* [Problem details]
Find the line below with "Real-time alerts when" and the line with "This commanding design". Output them and the lines between, exactly, but not the pictures.
- - - - - - -
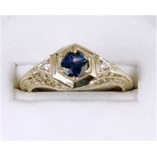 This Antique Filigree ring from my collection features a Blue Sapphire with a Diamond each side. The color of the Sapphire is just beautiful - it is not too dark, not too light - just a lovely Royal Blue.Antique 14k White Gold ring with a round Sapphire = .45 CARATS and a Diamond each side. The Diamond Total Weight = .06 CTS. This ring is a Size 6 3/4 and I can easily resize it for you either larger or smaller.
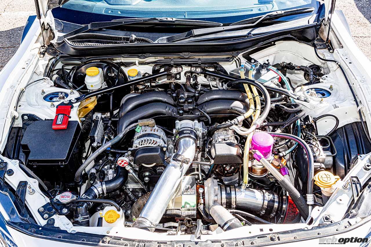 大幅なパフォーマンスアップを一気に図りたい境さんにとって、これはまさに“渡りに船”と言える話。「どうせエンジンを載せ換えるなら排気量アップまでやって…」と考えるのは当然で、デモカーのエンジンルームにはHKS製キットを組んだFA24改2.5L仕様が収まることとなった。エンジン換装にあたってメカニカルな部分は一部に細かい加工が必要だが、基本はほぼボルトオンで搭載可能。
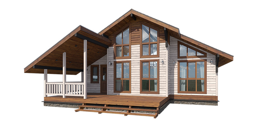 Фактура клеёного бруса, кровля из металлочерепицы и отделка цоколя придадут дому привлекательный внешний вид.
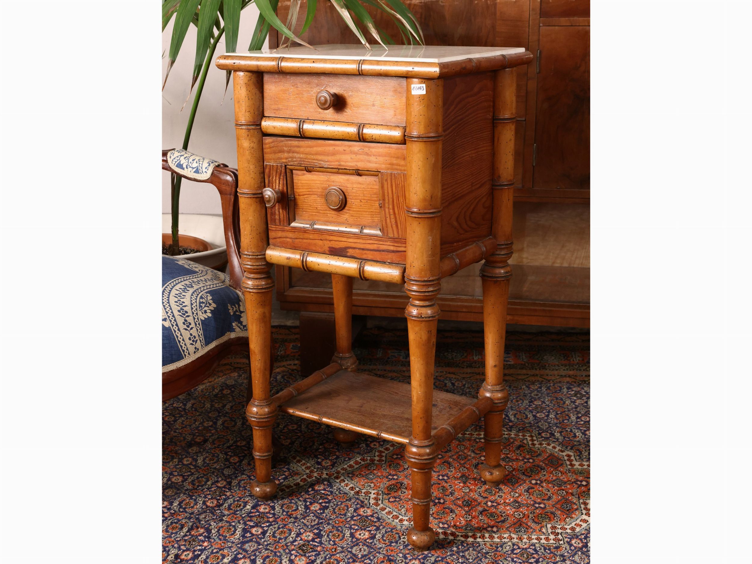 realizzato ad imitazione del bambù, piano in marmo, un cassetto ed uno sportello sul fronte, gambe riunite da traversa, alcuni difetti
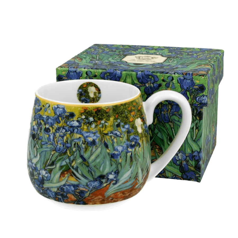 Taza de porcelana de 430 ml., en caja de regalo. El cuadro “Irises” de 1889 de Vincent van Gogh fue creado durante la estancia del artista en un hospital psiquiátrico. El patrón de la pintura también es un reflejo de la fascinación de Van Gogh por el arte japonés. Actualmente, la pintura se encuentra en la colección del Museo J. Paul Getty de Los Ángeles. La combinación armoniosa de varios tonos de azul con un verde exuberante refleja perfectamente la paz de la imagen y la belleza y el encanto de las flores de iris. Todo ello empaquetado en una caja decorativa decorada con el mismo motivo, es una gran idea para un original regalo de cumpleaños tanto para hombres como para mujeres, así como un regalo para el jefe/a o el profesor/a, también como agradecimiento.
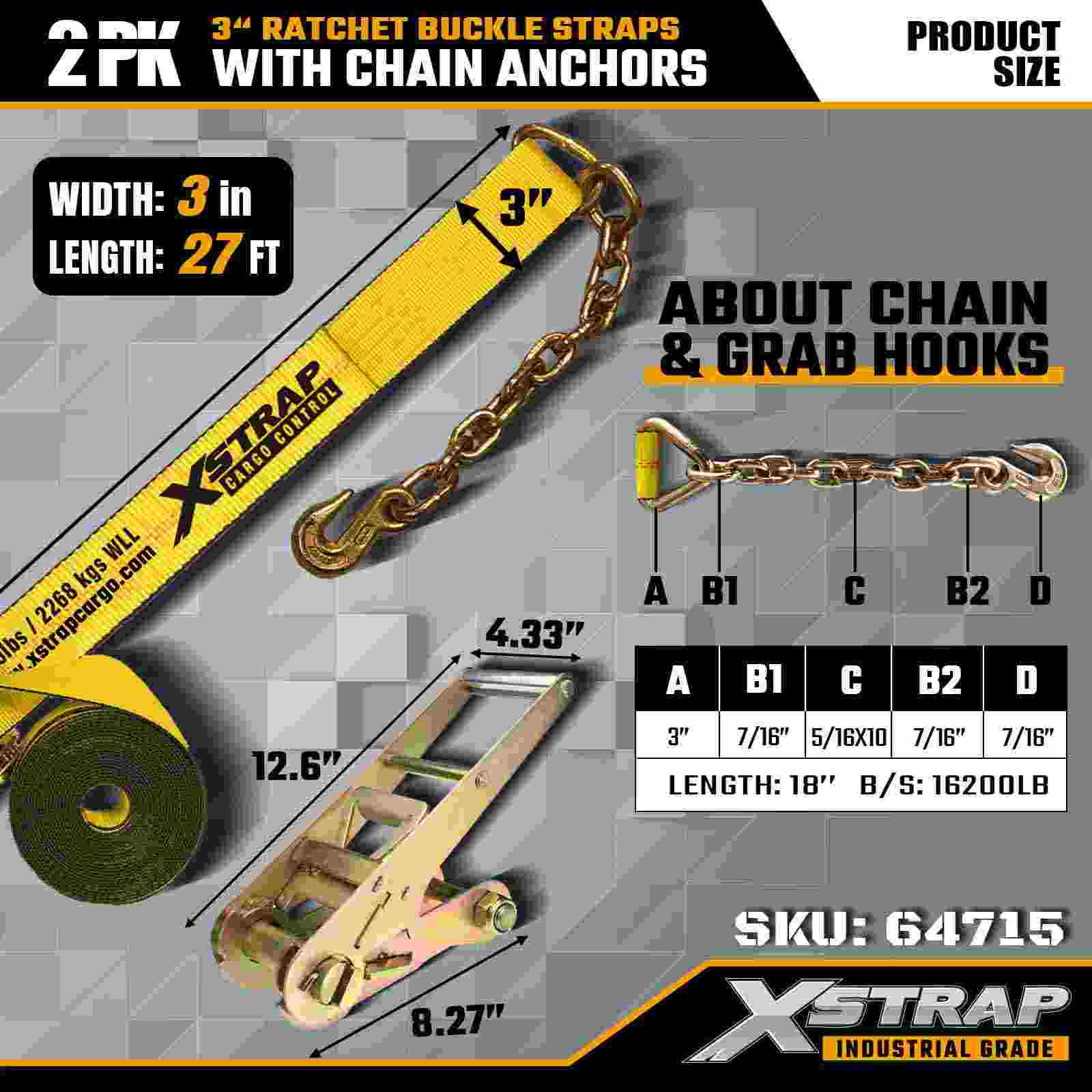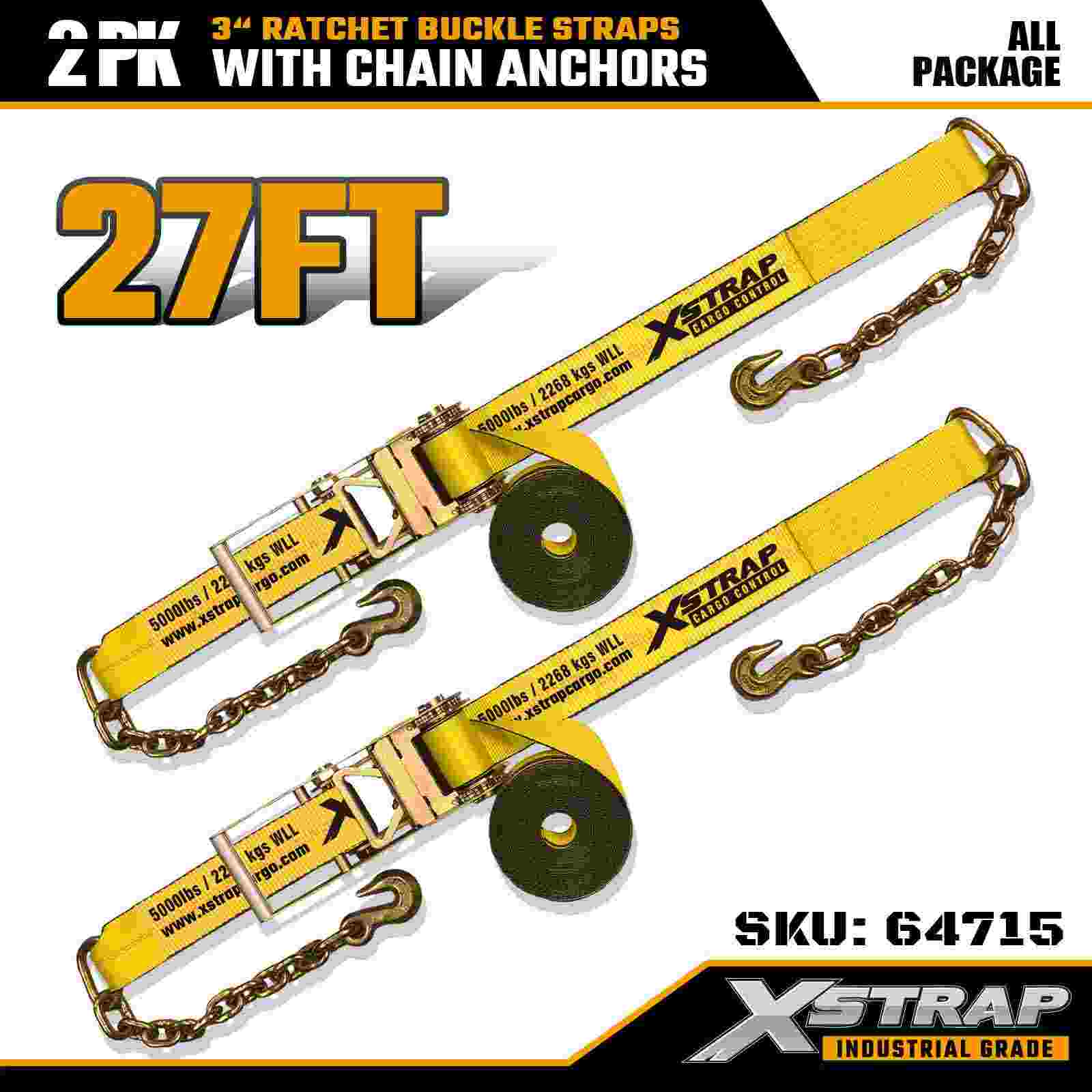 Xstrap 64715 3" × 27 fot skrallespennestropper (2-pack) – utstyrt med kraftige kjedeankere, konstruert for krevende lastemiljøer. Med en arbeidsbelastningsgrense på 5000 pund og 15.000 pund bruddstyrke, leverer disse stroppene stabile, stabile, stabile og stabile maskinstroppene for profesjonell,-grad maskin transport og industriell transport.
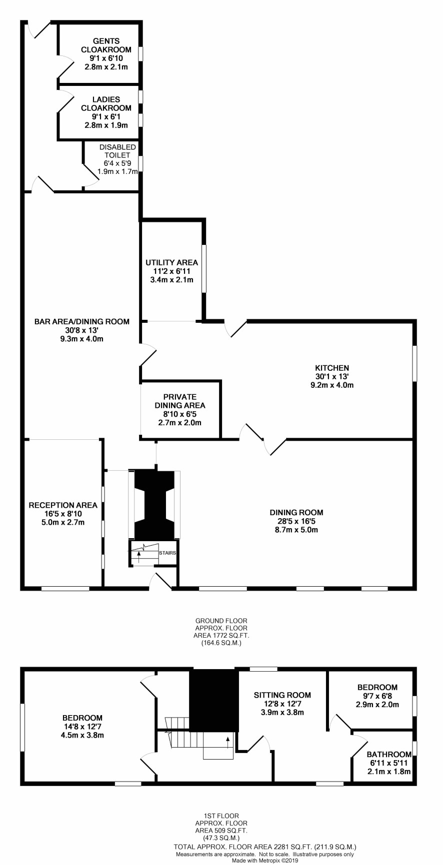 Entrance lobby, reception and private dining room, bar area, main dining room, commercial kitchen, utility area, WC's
- - - - - - -
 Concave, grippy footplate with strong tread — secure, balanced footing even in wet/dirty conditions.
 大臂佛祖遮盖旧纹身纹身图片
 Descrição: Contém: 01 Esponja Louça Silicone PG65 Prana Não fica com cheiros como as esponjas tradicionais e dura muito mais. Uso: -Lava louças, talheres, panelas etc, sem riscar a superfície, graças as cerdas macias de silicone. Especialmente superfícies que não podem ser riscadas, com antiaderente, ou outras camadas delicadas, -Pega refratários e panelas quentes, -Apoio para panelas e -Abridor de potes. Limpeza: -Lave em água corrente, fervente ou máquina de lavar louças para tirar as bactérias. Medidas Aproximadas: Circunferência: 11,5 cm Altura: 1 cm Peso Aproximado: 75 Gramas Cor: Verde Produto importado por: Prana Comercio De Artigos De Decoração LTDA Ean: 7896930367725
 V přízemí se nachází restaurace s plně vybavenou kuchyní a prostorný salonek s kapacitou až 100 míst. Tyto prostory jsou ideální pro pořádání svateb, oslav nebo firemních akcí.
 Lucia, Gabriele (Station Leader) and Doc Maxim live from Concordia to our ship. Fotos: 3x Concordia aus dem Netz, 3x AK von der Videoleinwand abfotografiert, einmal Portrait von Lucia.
- - - - - - -
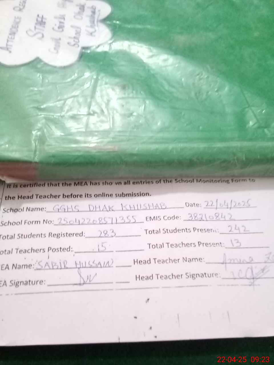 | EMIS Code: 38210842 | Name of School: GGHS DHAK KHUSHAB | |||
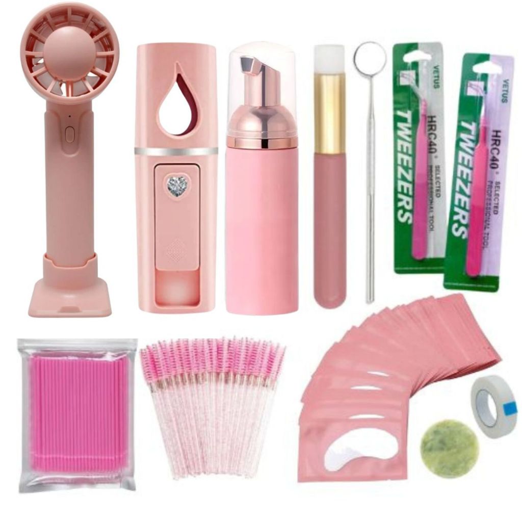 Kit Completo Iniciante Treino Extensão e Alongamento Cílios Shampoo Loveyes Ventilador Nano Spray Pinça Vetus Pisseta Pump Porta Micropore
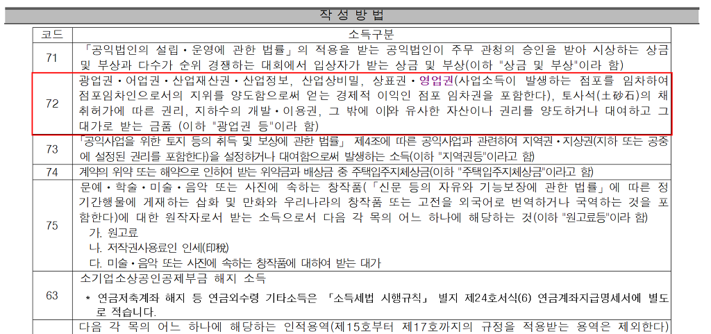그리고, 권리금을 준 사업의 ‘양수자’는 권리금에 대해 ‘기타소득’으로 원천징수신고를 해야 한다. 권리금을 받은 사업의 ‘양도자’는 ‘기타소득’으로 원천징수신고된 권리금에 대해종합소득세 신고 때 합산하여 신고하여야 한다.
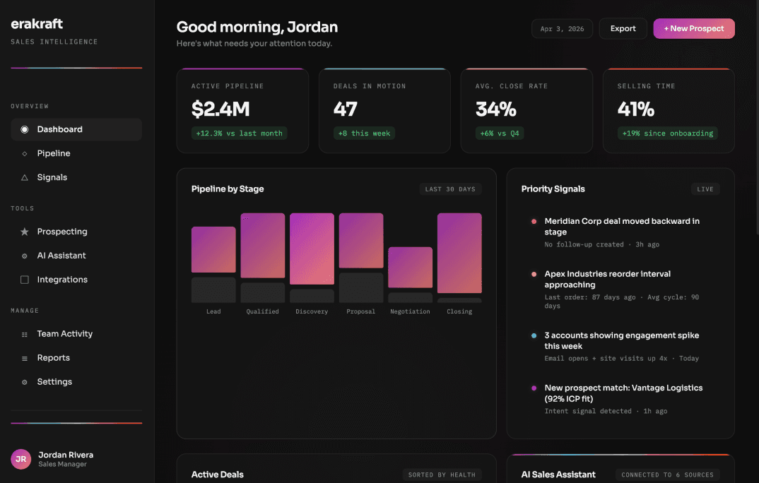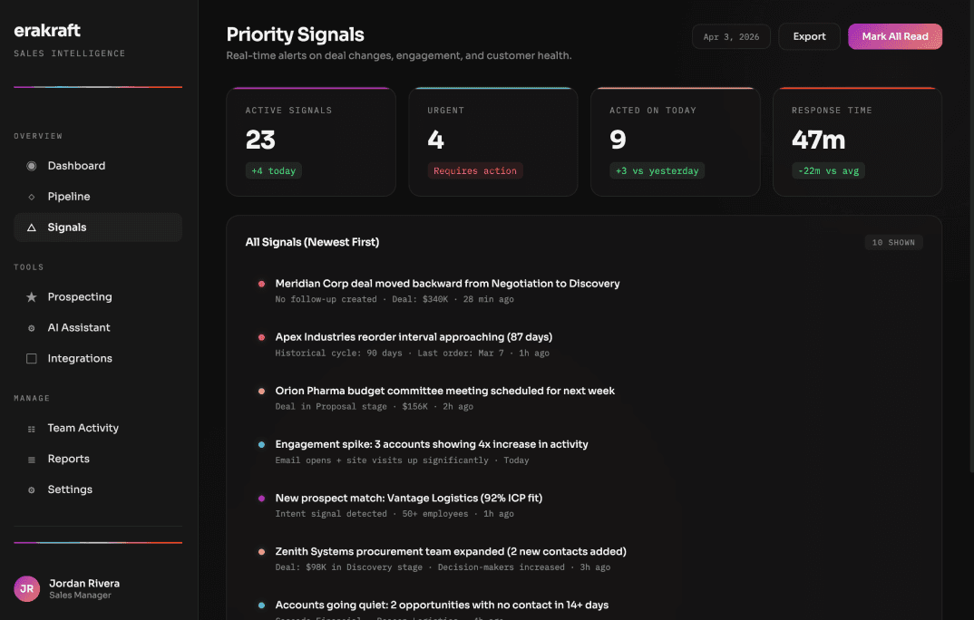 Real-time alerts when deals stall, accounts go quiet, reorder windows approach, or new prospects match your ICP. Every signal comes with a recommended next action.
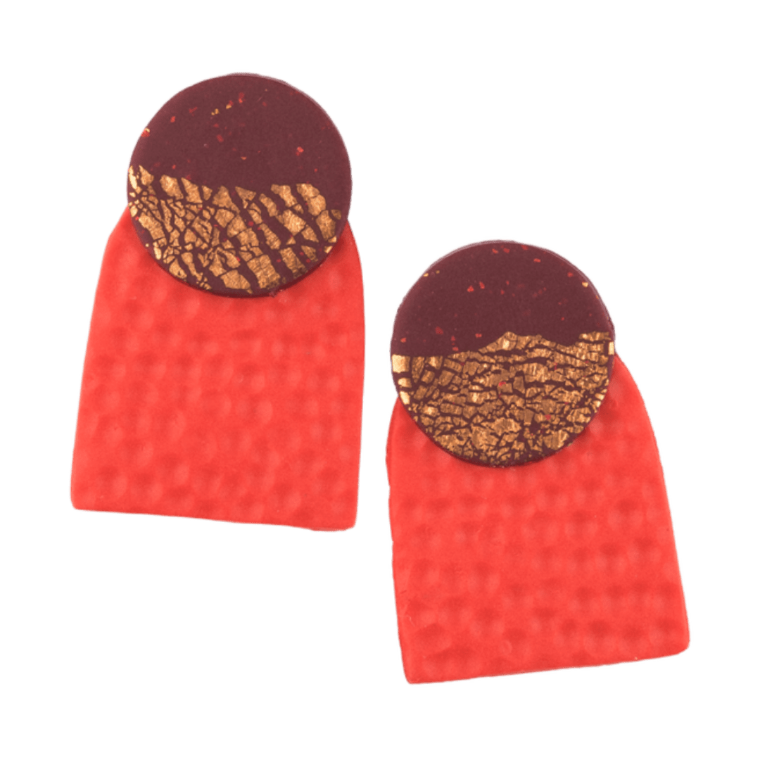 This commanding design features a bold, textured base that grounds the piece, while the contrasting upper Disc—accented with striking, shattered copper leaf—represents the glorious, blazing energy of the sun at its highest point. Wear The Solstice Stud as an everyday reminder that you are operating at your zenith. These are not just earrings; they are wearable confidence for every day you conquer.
- - - - - - -
* [Problem solution]
 Real-time alerts when deals stall, accounts go quiet, reorder windows approach, or new prospects match your ICP. Every signal comes with a recommended next action.
 This commanding design features a bold, textured base that grounds the piece, while the contrasting upper Disc—accented with striking, shattered copper leaf—represents the glorious, blazing energy of the sun at its highest point. Wear The Solstice Stud as an everyday reminder that you are operating at your zenith. These are not just earrings; they are wearable confidence for every day you conquer.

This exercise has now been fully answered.